DATASET ENTRIES:

== == ==

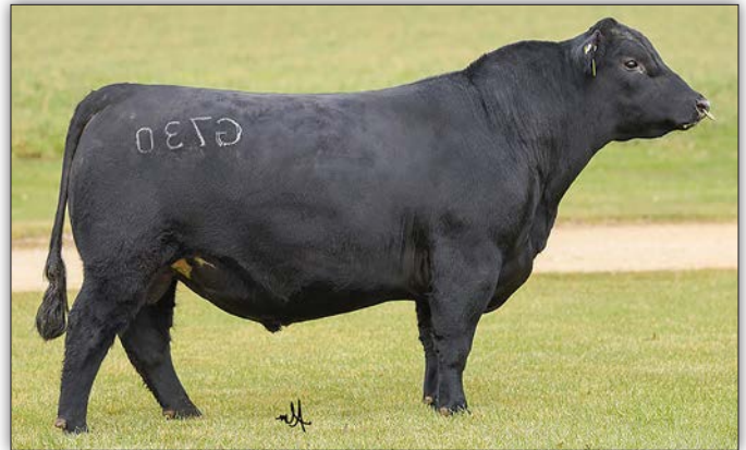
Yon Top Cut G730 - Sire of Lot 30
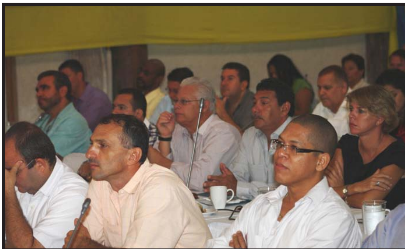
Members of Belize's Private Sector, Serious about Turning the Corner
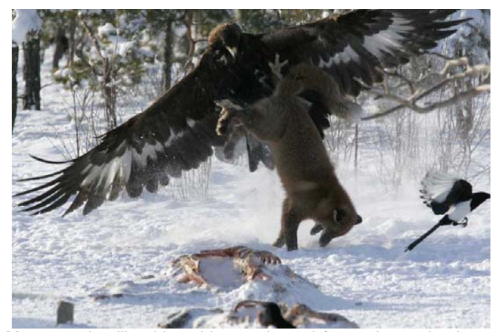
Many species like this golden eagle, red fox and magpie share the role of both scavenger and predator.

As the preservationists point out, killing is what all predators and most scavengers do to survive. But for some of the predators I have observed over time, the pursuit and "savaging" the prey appears to be an exhilarating sport as well as the means of surviving.
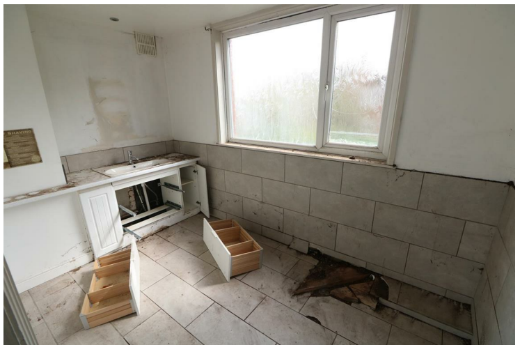
Bathroom 11'9" x 6'10" (3.60 x 2.10)
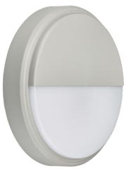
CoreLine Wall-mounted WL140V Wall-mounted Grey with Half- moon Accessory
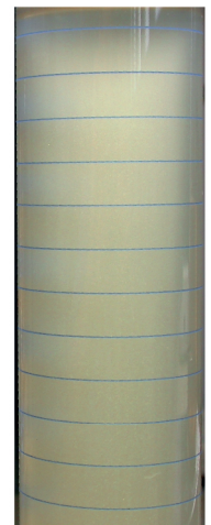
Too much yeasts with respect to the quantity of CLARIFIANT XL™
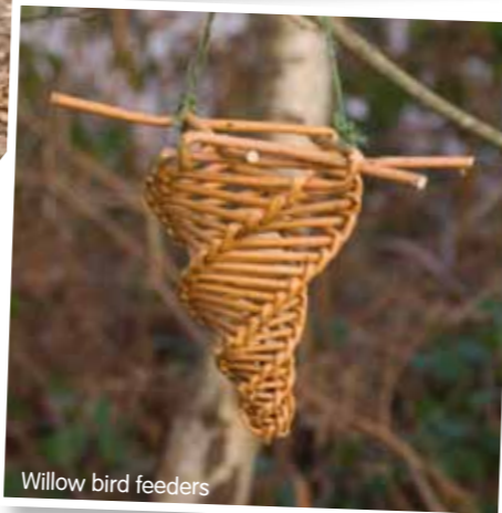
Willow bird feeders
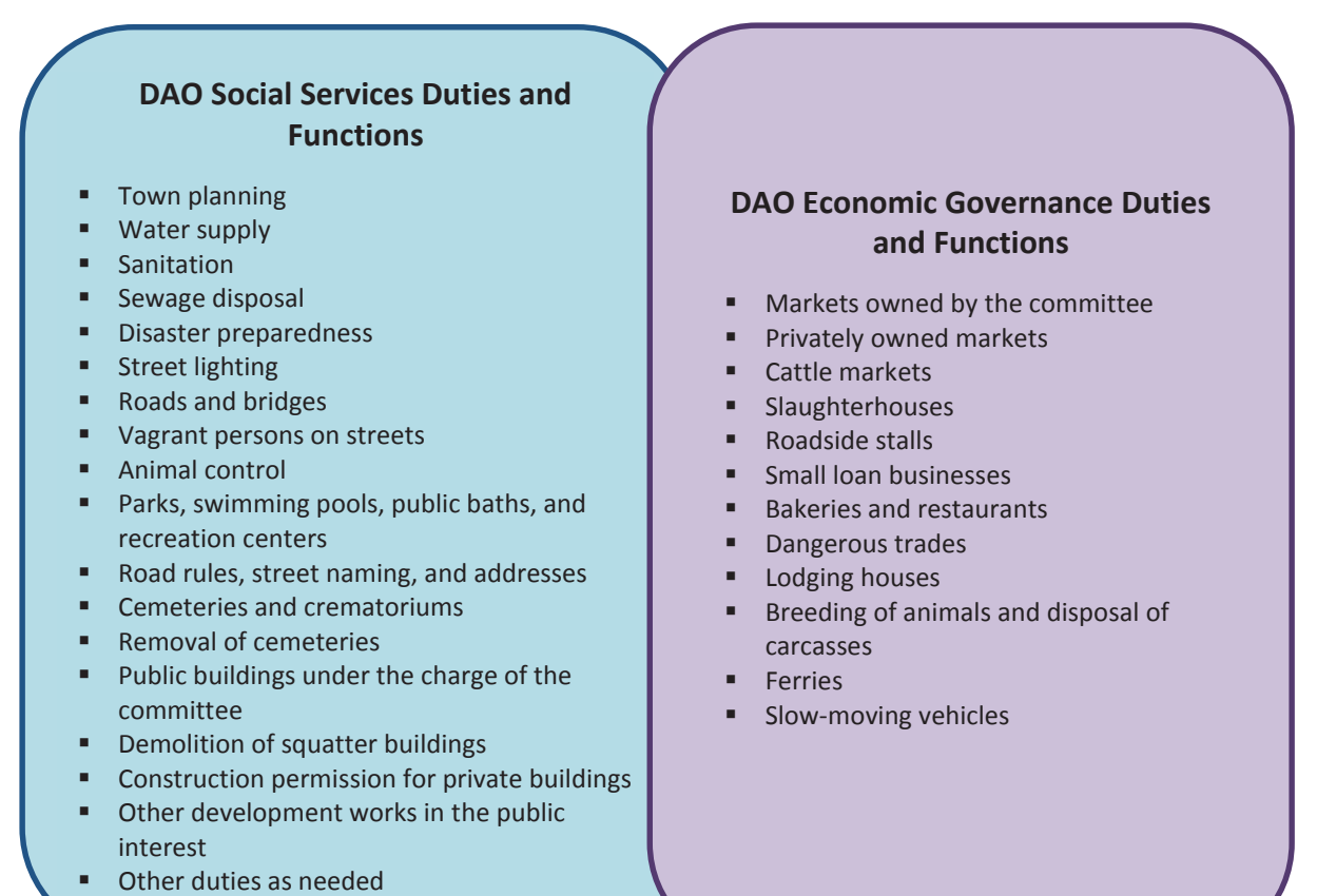
Figure 1. DAO Social Service and Economic Governance Duties and Functions<sup>34</sup>

selected consumer goods or services.<sup>33</sup> Business licenses for operation in some sectors, such as slaughterhouses, ferries, and pawnshops, are available only through auctions held by the DAO, which run once per year. DAOs also issue construction permits for private construction projects, and participate in issuing construction permits for public projects. They issue licenses for advertising billboards in urban areas. A comprehensive list of the social services and economic governance responsibilities of DAOs is contained in Figure 1.
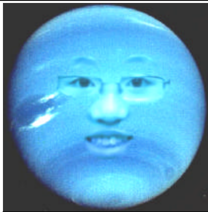
The ‘Man in the Moon’ ?
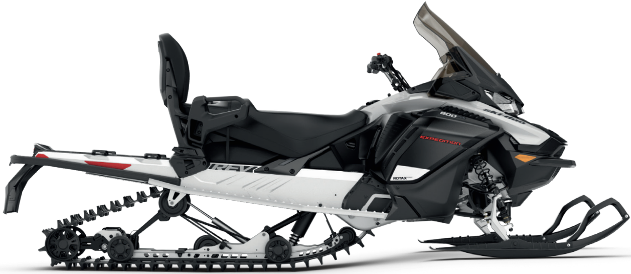
EXPEDITION® SPORT 900 ACE™ shown
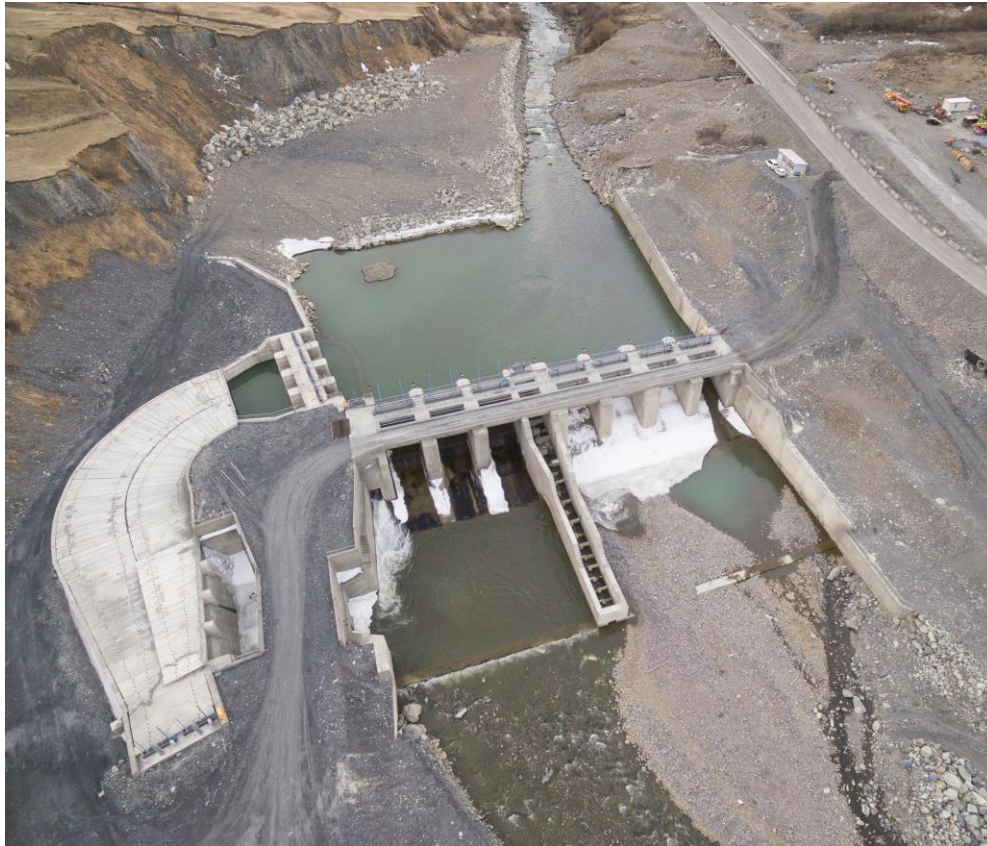
Dariali Hydropower Pant - Installed capacity 108 MW
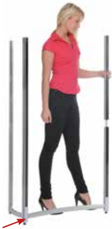
1 Replace the end post of your existing display wall with the new post from your graphic wing module.
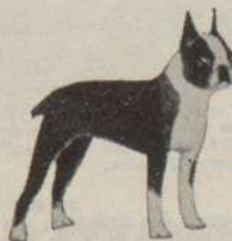
Golden Jubilee's See-Me-Go
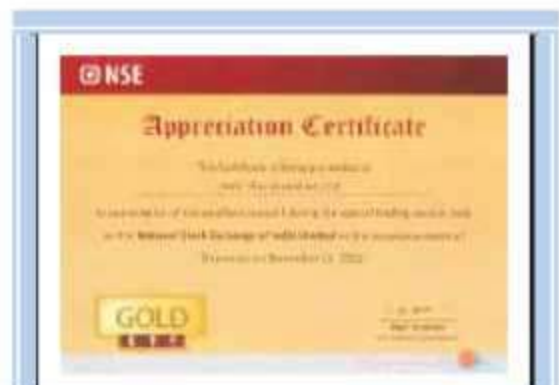
Certificate in appreciation of the excellent support during the special trading session held by NSE on the auspicious event of Dhanteras on Nov 11, 2012

== == ==

BRIEF:
Reproduce, exactly and only, the lines of the records above starting at the line with "The ‘Man in the Moon’ ?" and ending at the line with "Golden Jubilee's See-Me-Go", both included. Leave every picture out.

TASK RESULT:
The ‘Man in the Moon’ ?
EXPEDITION® SPORT 900 ACE™ shown
Dariali Hydropower Pant - Installed capacity 108 MW
1 Replace the end post of your existing display wall with the new post from your graphic wing module.
Golden Jubilee's See-Me-Go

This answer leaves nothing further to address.